▶ _WHAT TO DO_: Exactly as they stand, repeat the lines from the one containing "同时官方还推出了限时礼赠活动" through the final line of the listing, both ends included, and nothing else; skip the pictures.

-*-

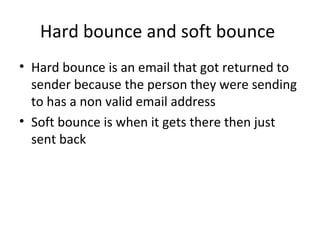 The document defines and describes several key computer networking terms: hard bounces occur when an email is returned due to an invalid address, while soft bounces are emails returned after delivery; computer spam involves mass emailing unsolicited messages to promote products; intranets run faster than the internet but within a single environment; POP is an application layer protocol for email retrieval; phishing aims to steal user information through deception; encryption scrambles messages during transmission and decryption unscrambles them; netiquette outlines proper online conduct; and routers connect computers to the wider internet.
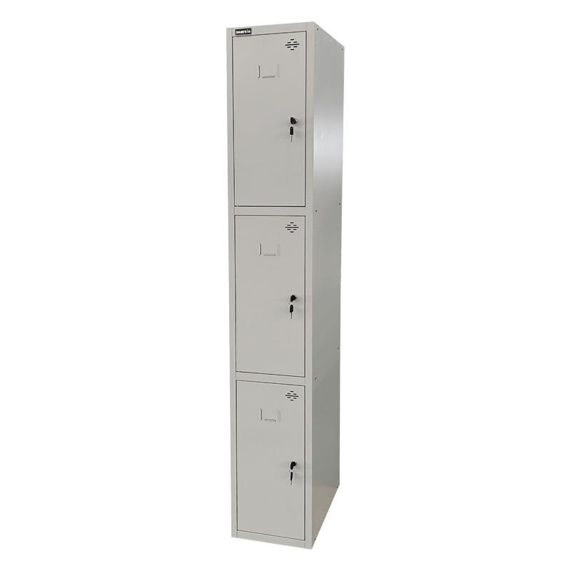 – Taquilla modular metálica de tres puertas. – Ideal para vestuarios, trasteros, almacenes, oficinas, etc. – Estructura de color gris. – Puerta con rejilla de ventilación y portaetiquetas. – Medidas: 180x30x50 cm.
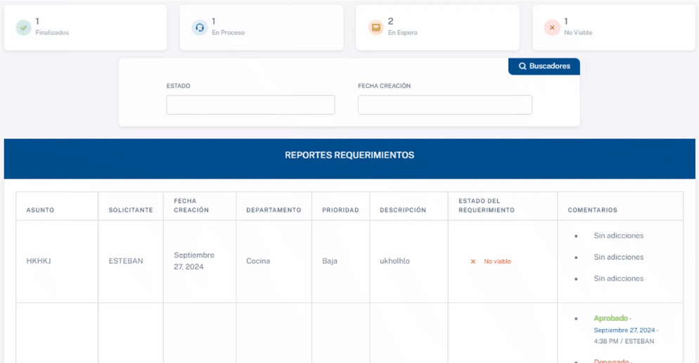 Esta información se podrá filtrar por el estado actual de cada requerimiento y por la fecha de creación.
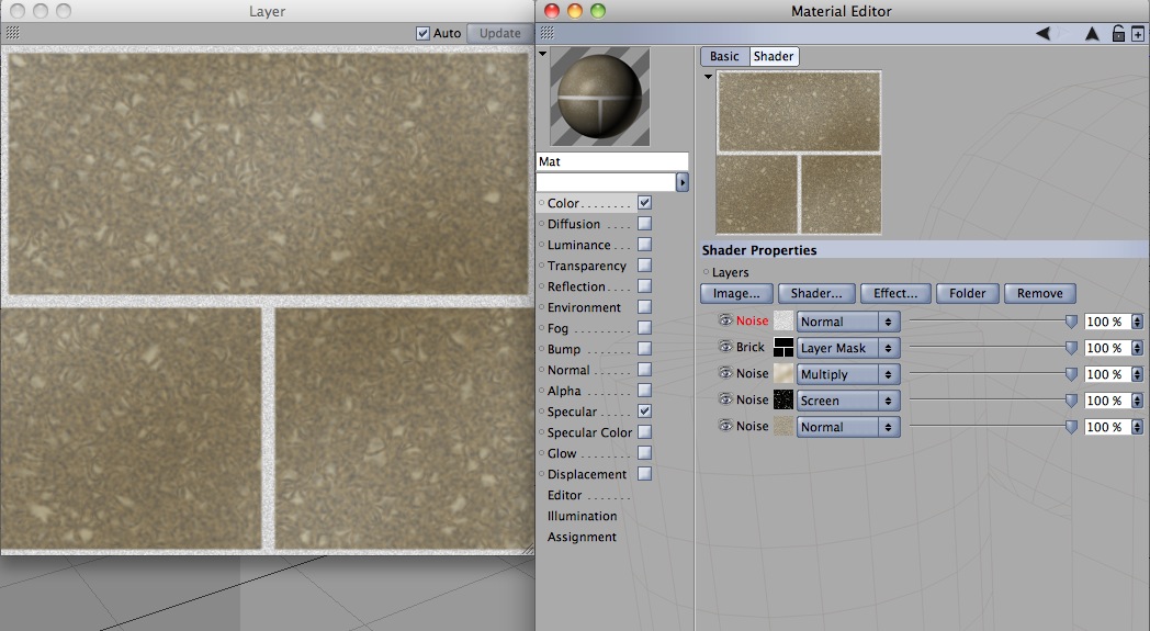 nel frattempo avevo seguito un'altra strada: creato il mio materiale nel canale colore con diversi livelli di disturbi per avere la trama che mi interessa, e nel canale alpha avevo messo il mio mattone affinchè mi tagliasse la pavimentazione.
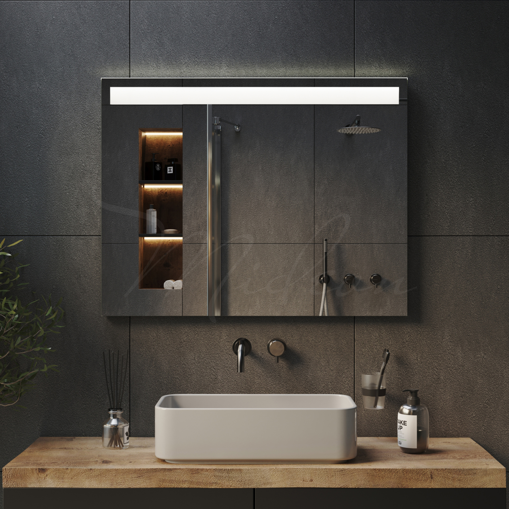 Все наши зеркала с закрытой подсветкой имеют толщину всего 24 мм благодаря применению современной LED (светодиодной) подсветки, премиальных комплектующих и собственным производственным наработкам.
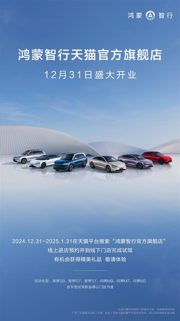 同时官方还推出了限时礼赠活动,2024年12月31日-2025年1月31日在天猫/京东平台搜索“鸿蒙智行官方旗舰店”,线上进店预约并到线下门店完成试驾,有机会获得精美礼品。
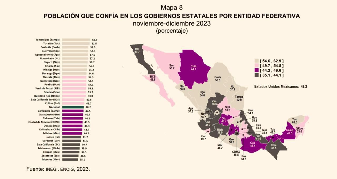 A nivel nacional la confianza en las instituciones – gobiernos estatales, señala que el 48.2 % de la población de 18 años y más en áreas urbanas confiaba en los gobiernos estatales.
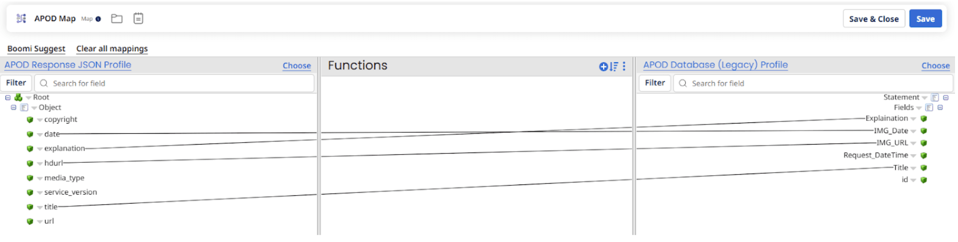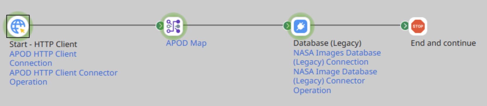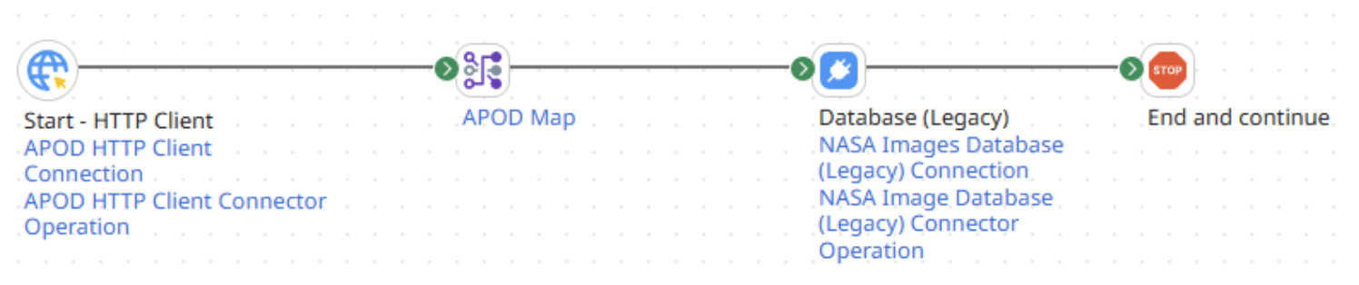So lets recap, we have created a connection from the NASA API using HTTP connector, mapped the JSON output to the Database profile and inserted it in to the database using the database legacy connector. We used the legacy connector as it is preconfigured with the correct JDBC drivers for MS SQL and would save us having to upload and configure our own JDBC drivers.

-*-

▶ _RESPONSE TO THIS EXERCISE_:
 同时官方还推出了限时礼赠活动,2024年12月31日-2025年1月31日在天猫/京东平台搜索“鸿蒙智行官方旗舰店”,线上进店预约并到线下门店完成试驾,有机会获得精美礼品。
 A nivel nacional la confianza en las instituciones – gobiernos estatales, señala que el 48.2 % de la población de 18 años y más en áreas urbanas confiaba en los gobiernos estatales.
So lets recap, we have created a connection from the NASA API using HTTP connector, mapped the JSON output to the Database profile and inserted it in to the database using the database legacy connector. We used the legacy connector as it is preconfigured with the correct JDBC drivers for MS SQL and would save us having to upload and configure our own JDBC drivers.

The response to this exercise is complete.